Take the entries that follow and return exactly the lines from the one holding "Step 2: Now, the" through the one holding "记者在现场看到,除了珍贵的马", both included. Nothing else is needed.

• Source material:
*** Block opens ***

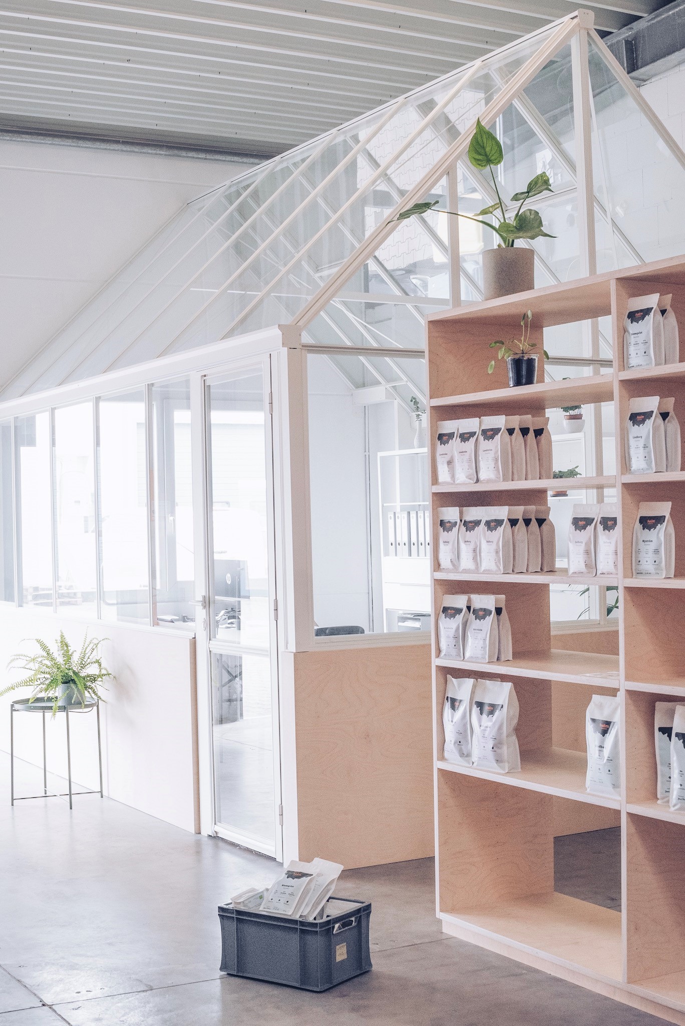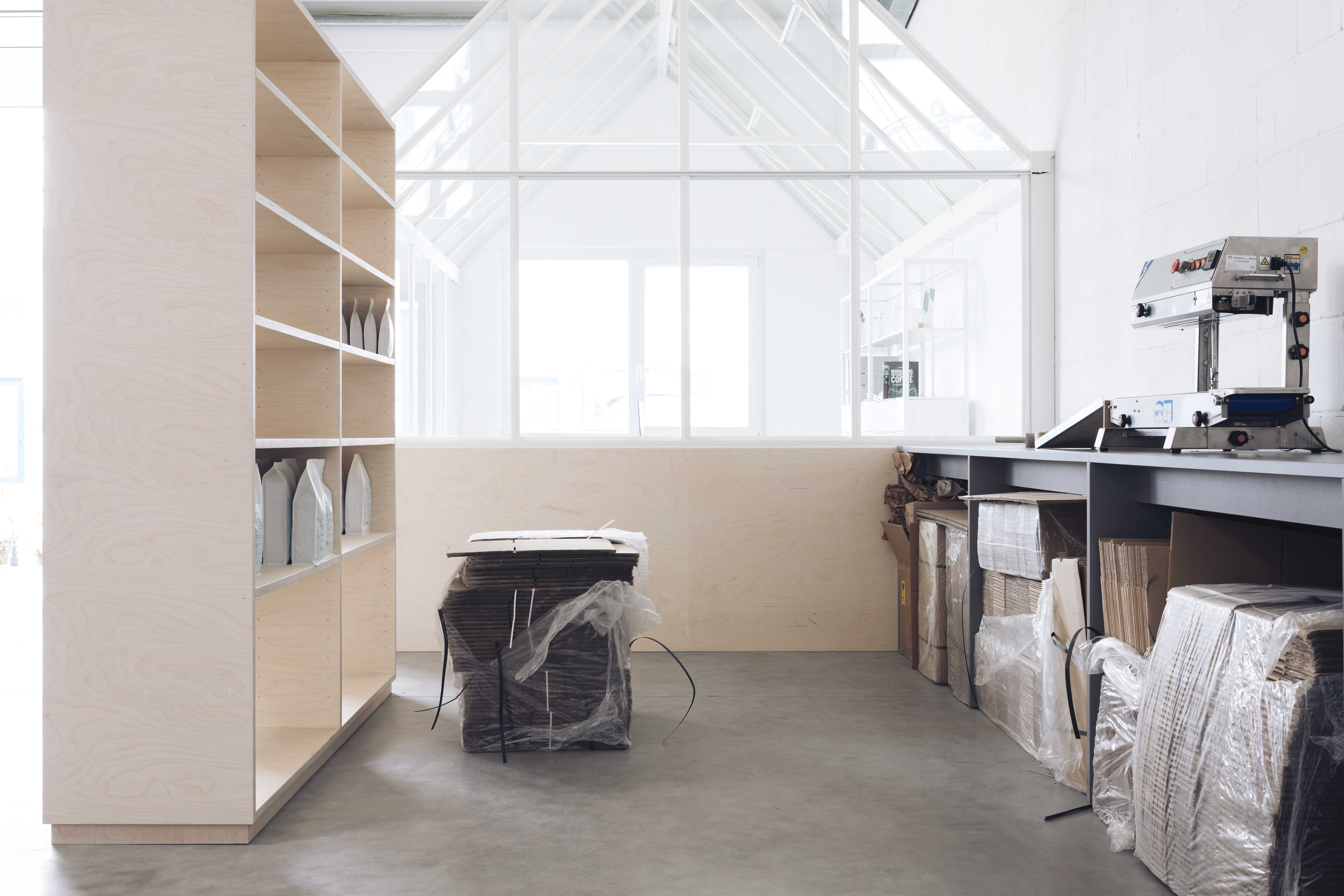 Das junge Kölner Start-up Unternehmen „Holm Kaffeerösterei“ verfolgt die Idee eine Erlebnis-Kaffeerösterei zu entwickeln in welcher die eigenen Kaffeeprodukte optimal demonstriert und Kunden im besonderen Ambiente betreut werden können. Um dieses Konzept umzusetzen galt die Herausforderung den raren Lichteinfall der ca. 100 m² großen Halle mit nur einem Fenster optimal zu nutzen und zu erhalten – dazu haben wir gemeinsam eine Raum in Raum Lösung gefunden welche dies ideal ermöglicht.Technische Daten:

*** Block closes ***
*** Block opens ***

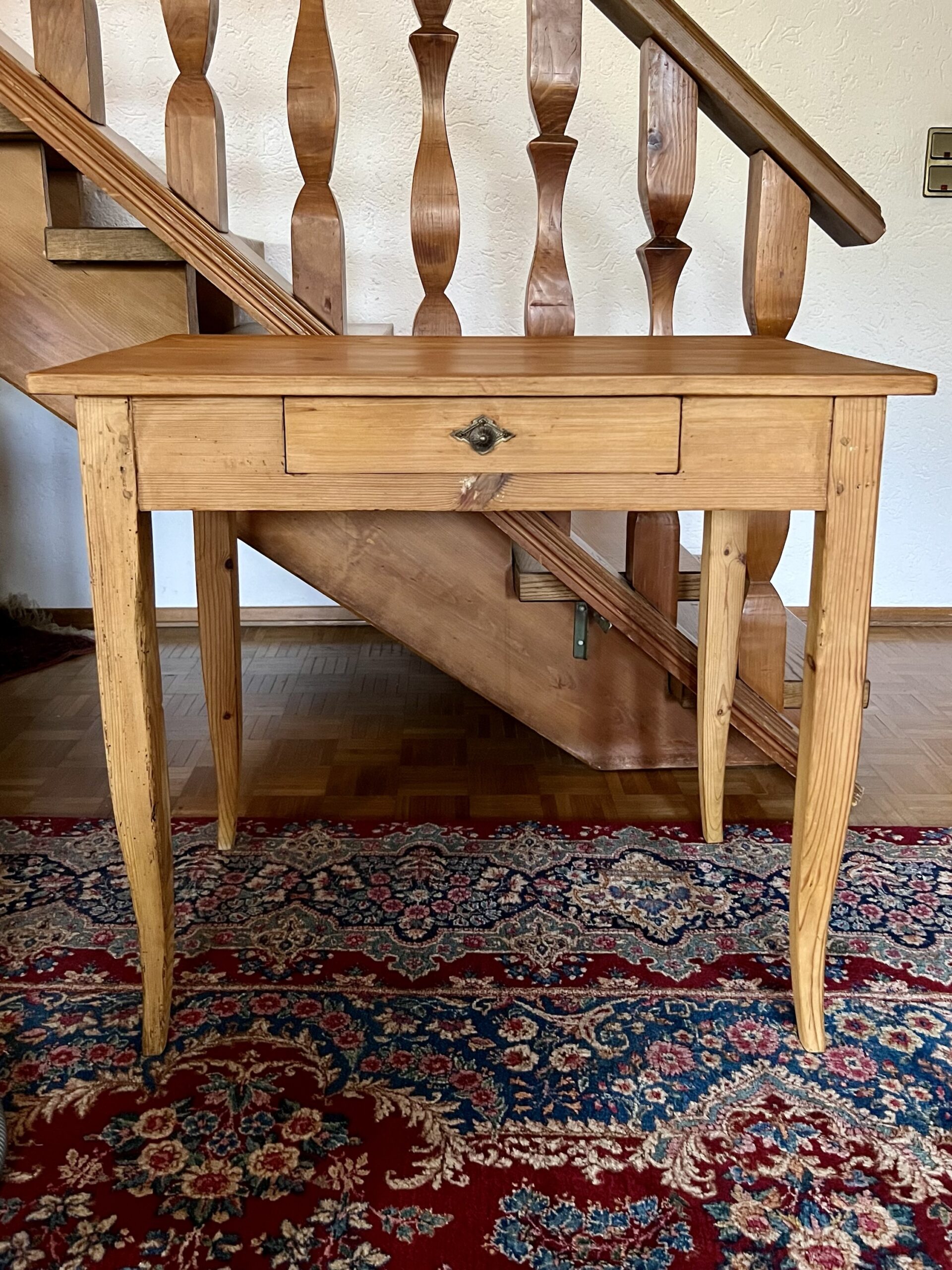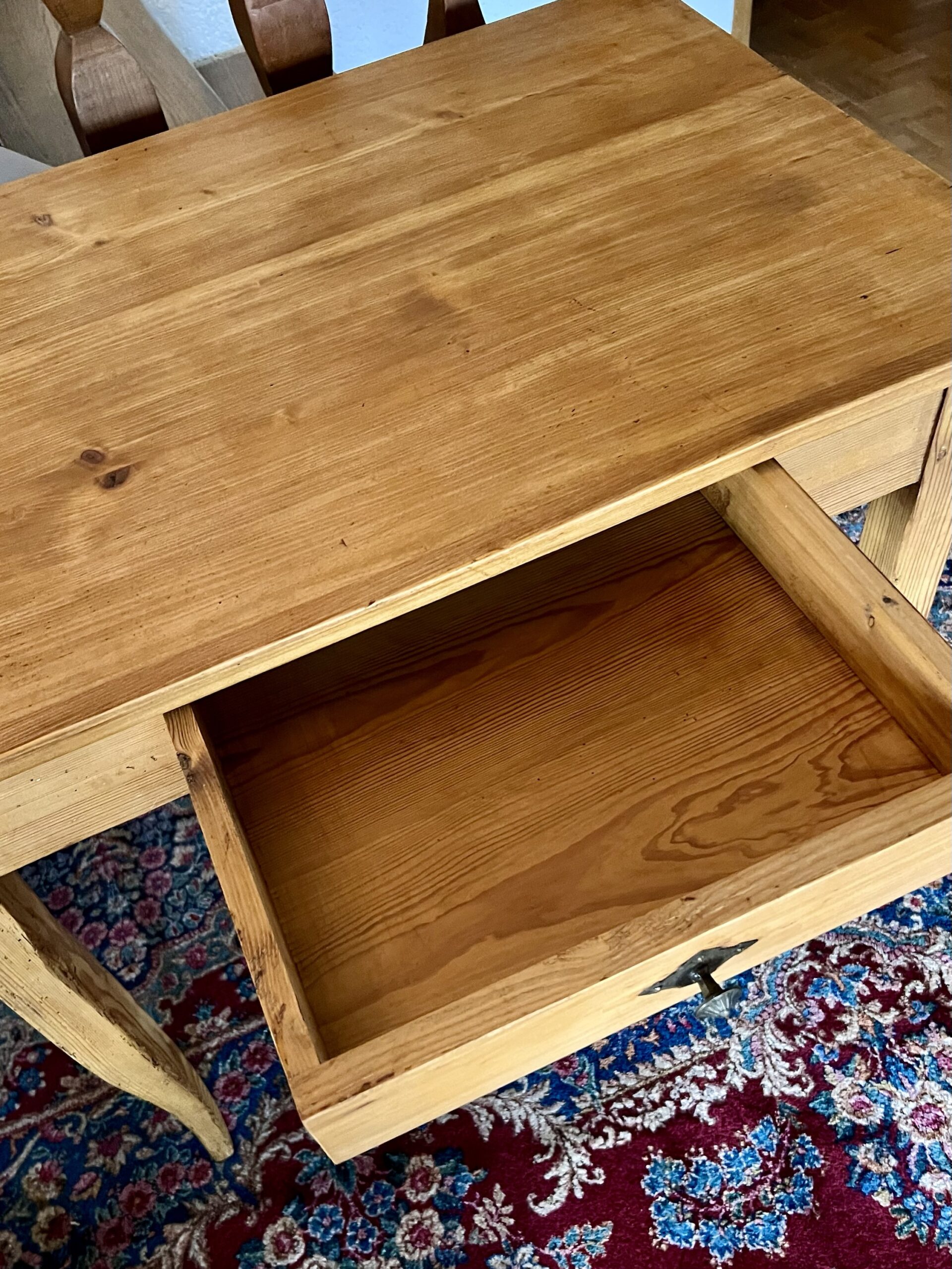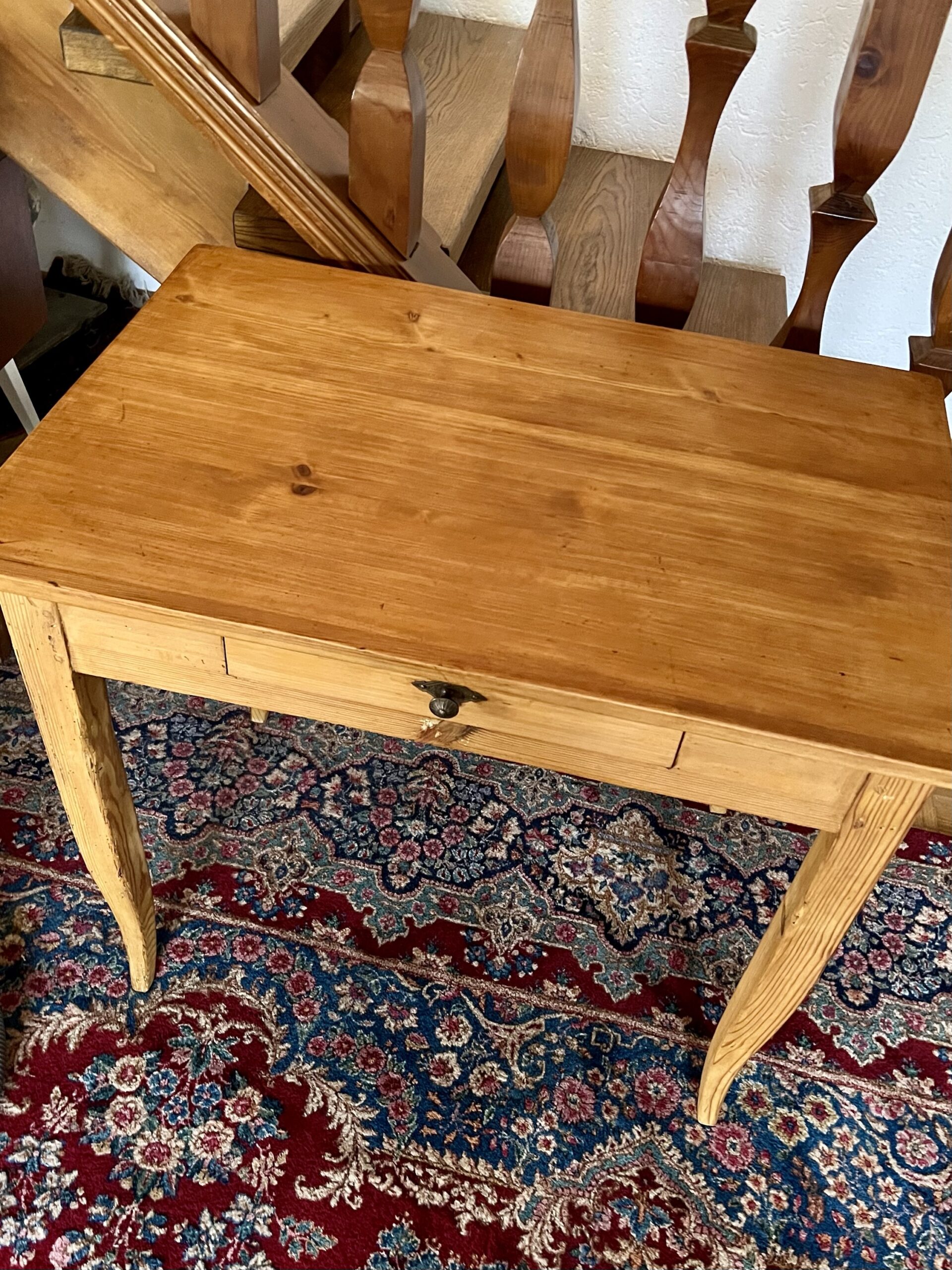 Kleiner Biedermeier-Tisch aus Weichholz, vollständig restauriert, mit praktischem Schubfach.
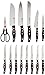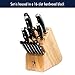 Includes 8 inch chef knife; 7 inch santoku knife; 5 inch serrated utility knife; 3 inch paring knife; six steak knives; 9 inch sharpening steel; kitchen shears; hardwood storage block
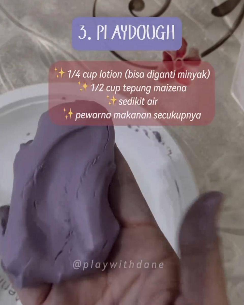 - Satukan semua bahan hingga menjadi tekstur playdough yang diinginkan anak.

*** Block closes ***
*** Block opens ***

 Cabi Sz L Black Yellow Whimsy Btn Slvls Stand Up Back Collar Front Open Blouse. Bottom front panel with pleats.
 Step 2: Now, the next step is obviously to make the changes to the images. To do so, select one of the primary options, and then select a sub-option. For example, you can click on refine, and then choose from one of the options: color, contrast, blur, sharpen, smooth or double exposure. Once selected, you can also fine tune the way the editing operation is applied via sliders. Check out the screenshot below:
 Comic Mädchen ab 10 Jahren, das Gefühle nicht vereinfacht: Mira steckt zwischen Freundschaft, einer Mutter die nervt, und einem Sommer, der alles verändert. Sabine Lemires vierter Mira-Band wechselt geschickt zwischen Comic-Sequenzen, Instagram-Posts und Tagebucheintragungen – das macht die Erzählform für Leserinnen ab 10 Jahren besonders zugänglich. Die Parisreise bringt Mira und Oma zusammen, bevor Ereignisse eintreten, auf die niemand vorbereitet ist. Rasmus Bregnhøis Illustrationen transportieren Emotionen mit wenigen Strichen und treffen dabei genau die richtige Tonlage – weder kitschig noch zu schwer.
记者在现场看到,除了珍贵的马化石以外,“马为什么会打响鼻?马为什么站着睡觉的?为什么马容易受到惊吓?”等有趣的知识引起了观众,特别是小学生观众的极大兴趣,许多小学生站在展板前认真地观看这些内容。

*** Block closes ***

• Written solution:
 Step 2: Now, the next step is obviously to make the changes to the images. To do so, select one of the primary options, and then select a sub-option. For example, you can click on refine, and then choose from one of the options: color, contrast, blur, sharpen, smooth or double exposure. Once selected, you can also fine tune the way the editing operation is applied via sliders. Check out the screenshot below:
 Comic Mädchen ab 10 Jahren, das Gefühle nicht vereinfacht: Mira steckt zwischen Freundschaft, einer Mutter die nervt, und einem Sommer, der alles verändert. Sabine Lemires vierter Mira-Band wechselt geschickt zwischen Comic-Sequenzen, Instagram-Posts und Tagebucheintragungen – das macht die Erzählform für Leserinnen ab 10 Jahren besonders zugänglich. Die Parisreise bringt Mira und Oma zusammen, bevor Ereignisse eintreten, auf die niemand vorbereitet ist. Rasmus Bregnhøis Illustrationen transportieren Emotionen mit wenigen Strichen und treffen dabei genau die richtige Tonlage – weder kitschig noch zu schwer.
记者在现场看到,除了珍贵的马化石以外,“马为什么会打响鼻?马为什么站着睡觉的?为什么马容易受到惊吓?”等有趣的知识引起了观众,特别是小学生观众的极大兴趣,许多小学生站在展板前认真地观看这些内容。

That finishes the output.